Surprised, it was her turn for the eyebrows to shoot north. “Yes, as a matter of fact, you did.”
“I’ve thought a lot about what you said, though.”
She wandered into the den area and sat on the couch. Dakota followed and sat beside her. That threw her for a moment, made her edgy.
He must have noticed, because he stood as though to move across the room.
She caught his hand. “No, sit with me.”
Dakota sat. She kept his hand clasped within hers, and he thought his heart might very well stop from the sheer joy of having her finally touch him voluntarily.
She was making an effort to overcome her fears, he realized. All that she’d already come through, accomplished in the last twelve years, she was still fighting, still reaching out. This time to him.
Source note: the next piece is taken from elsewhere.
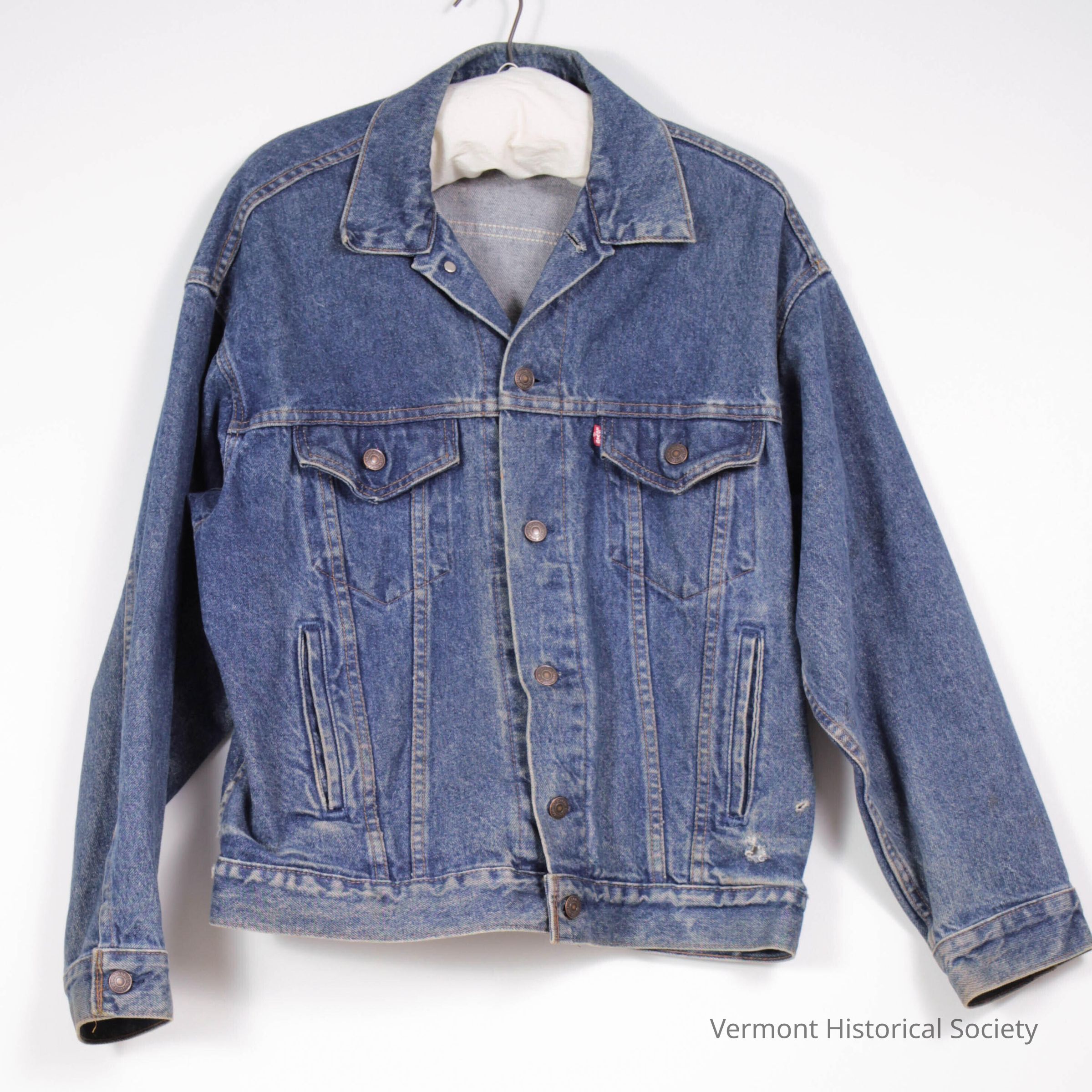 Blue denim jacket. The jacket secures up the center front with 6 metal buttons. There are two "hand warmer" pockets at the side waistline and two breast pockets that secure with pointed flaps and metal buttons. There is a small red tag attached to the left breast pocket that reads, "LEVI". Each button is molded with the inscription, "LEVI STRAUSS & CO SF CAL". The center back neckline has a leather tag that reads, "Levi Strauss & Co. San Francisco, Cal. Trade Mark Since 1850 Size M".Context

He swallowed hard and knew that if he didn’t want to have to eat his words, he was going to have to reciprocate. Settling back against the couch he looked beyond her and stilled. “Is that your latest painting?”
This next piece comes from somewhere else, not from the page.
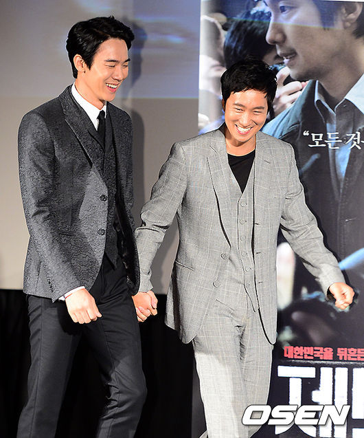 유연석, 박해일이 손을 잡고 다정하게 무대에 오르고 있다.

She followed his eyes to the sunroom. Her latest project finished in the middle of a sleepless night sat drying, the oil glistening in the lamplight.
“Yes.” She shot him a look. “A little different than the one you ‘helped’ me with.” She wiggled her fingers around the word.
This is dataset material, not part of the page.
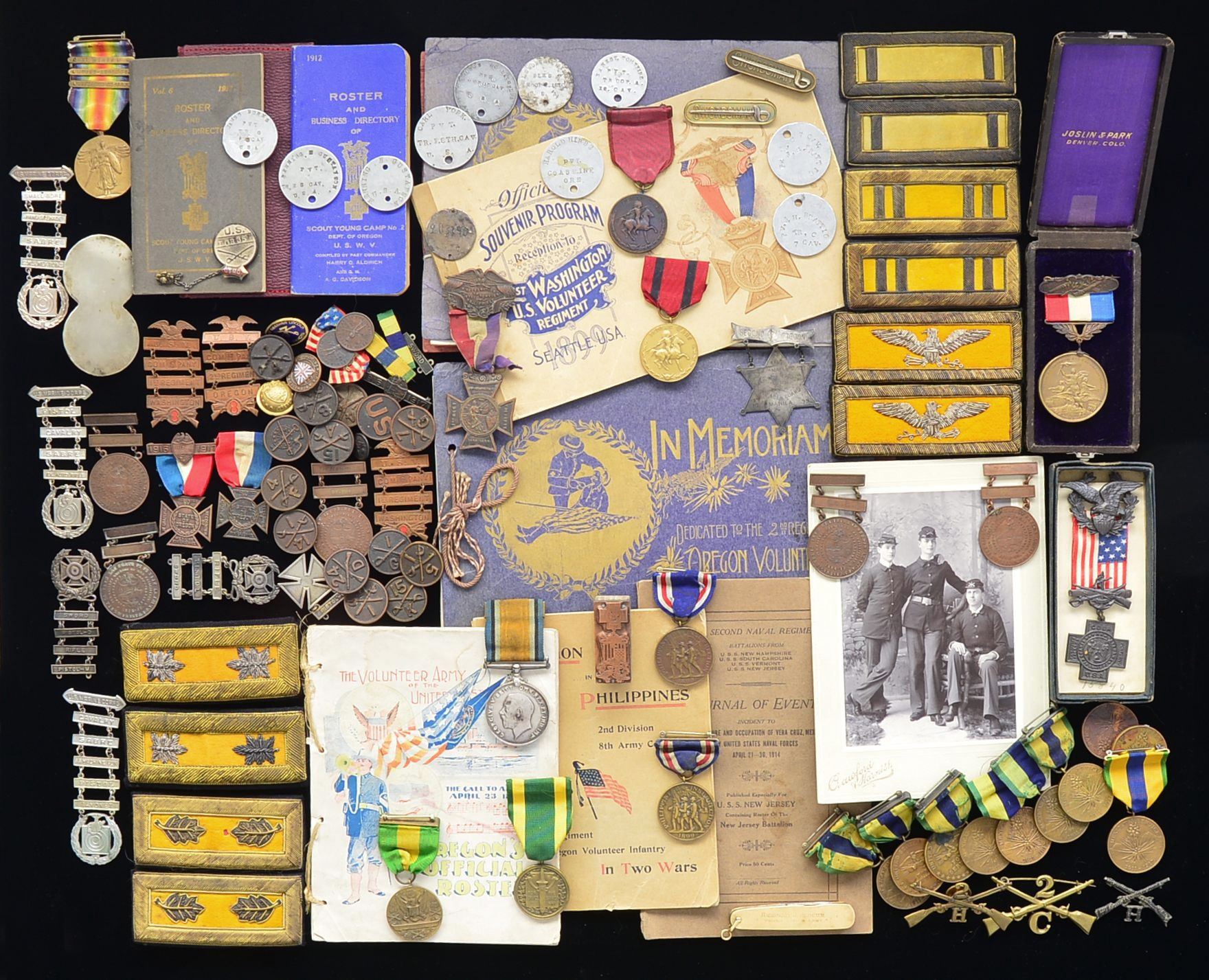 COLLAR DISKS, DOG TAGS & MORE. This lg. & varied lot consists of 13 WWI US collar disks from various units. / 10 WWI dog tags. / 3 Span-Am period crossed rifles insignia. / 7 Numbered US Mexican service medals 1911-1917 w/ ribbons. / 3 US Mexican service medals 1911-1917 planchet only. 2 Are numbered, 1 is not. / 5 Pair of circa 1900 cavalry shoulder straps. Ranks include 1st lieutenant, captain, major, lieutenant colonel & colonel. / 1 British WWI service medal. / 2 Spanish War service medals, 1 w/ number. / 2 Numbered Philippine insurrection medals. / 2 Indian Wars campaign medals, both of questionable age. / 2 Swordsman pins. / 3 Marine Corps proficiency badges. / 3 Army proficiency badges. / 1 WWI Victory medal. / 1 Gold plated pocket knife by George Wostenholm measuring 2 3/4" closed. / 1 Spanish War veteran’s medal. / 3 USV proficiency medals. / 4 Second Oregon UCV state service medals. / 2 Oregon border service medals. / 1 Washington Span-Am service medal. / 1 Colorado Span-Am service medal. / 1 Second Oregon Manila service medal. / A sm. misc. group of pins. / 1 Sm. Span-Am roster book of the 1st Reg. Washington Volunteer Infantry. / 1 Sm. roster book of Oregon war veterans. / 1 Souvenir program for Washington Volunteers. / 2 Sm. books dedicated to the Oregon 2nd Regiment. / 1 Sm. roster book of Oregon Span-Am volunteers. / 1 Sm. pamphlet titled “Oregon in the Philippines”. / 1 Sm. pamphlet titled “Journal of Events Veracruz 1914”. / 1 Card photo of circa 1898 Oregon Volunteers. CONDITION: as expected, condition of this group varies greatly. Most paper items show light wear. Ribbons on medals show moderate wear. Shoulder straps are solid but some show moth damage. Other items show expected light to moderate wear. (02-13700/BF). $1,000-2,000.

An empty beach in the middle of a thunderstorm. Waves pounded the shoreline, a lone figure stood staring out over the water, her hair whipping in the wind, arms upraised.
“What is the person doing?”
“Marveling at God’s amazing power even in the midst of the worst storm you could ever imagine.”
“Does that parallel with your life?”
“Absolutely.” She cleared her throat. “Now, tell me about your childhood.”
Ouch. Aw man, anything but that. He’d rather talk about her storms than acknowledge his tumultuous upbringing.
Ignoring his initial response, he dug deep. He was in love with this woman for all the right reasons. She’d already shared quite a bit of her ugly past, he could do no less – not if he wanted things to go where he was pretty sure he wanted them to go. A white dress and a tux flashed to mind.
“All right. My dad was a cop and so was my grandfather.”
“Is that why you became one?”
He rubbed his chin. “Oh, part of it, I suppose, but I’ve always been fascinated by law enforcement. Of the good guys defeating the bad guys. All of that.”
She nodded.
He brushed nonexistent lint from his pants and took a deep breath. “Anyway, my . . . uh . . . dad had some anger issues. I guess the job just got to him. He started drinking shortly after a really bad case had gone wrong. I was about twelve at the time and remember seeing it on the news. There’d been a hostage situation and a shoot-out. My dad was a part of it. Somehow in the crossfire a pregnant woman and her two-year-old daughter were killed. Internal Affairs investigated and said the bullets came from his gun. He was never the same after that.”
Jamie winced but didn’t move from his side. Her fingers clutched his tighter.
“The drinking got worse and my mom begged him to get help. But he wouldn’t. And the more he drank, the meaner he got.”
“I’m so sorry.”
“I am too. He started coming home drunk every night after cruising the bars with his buddies. Then the physical abuse started. At first it was only when I wasn’t around. My mom would have bruises and broken bones after I’d been gone for a while, and she always had some kind of story about why. Then he lost his job. Was fired from the force.”
“Oh no.”
“That’s when things got really bad. He started in on me. I think that was the final straw. I think it was either the fourth or fifth beating that landed me in the hospital with a concussion. My mother lost it.”
“Oh Dakota, I’m so sorry. I can’t imagine . . .”
“One night she waited for him to get home, then bashed him over the head with his prize guitar. She caught him by surprise and beat him senseless. After he passed out, she grabbed the two suitcases she’d packed – and me – and we left.”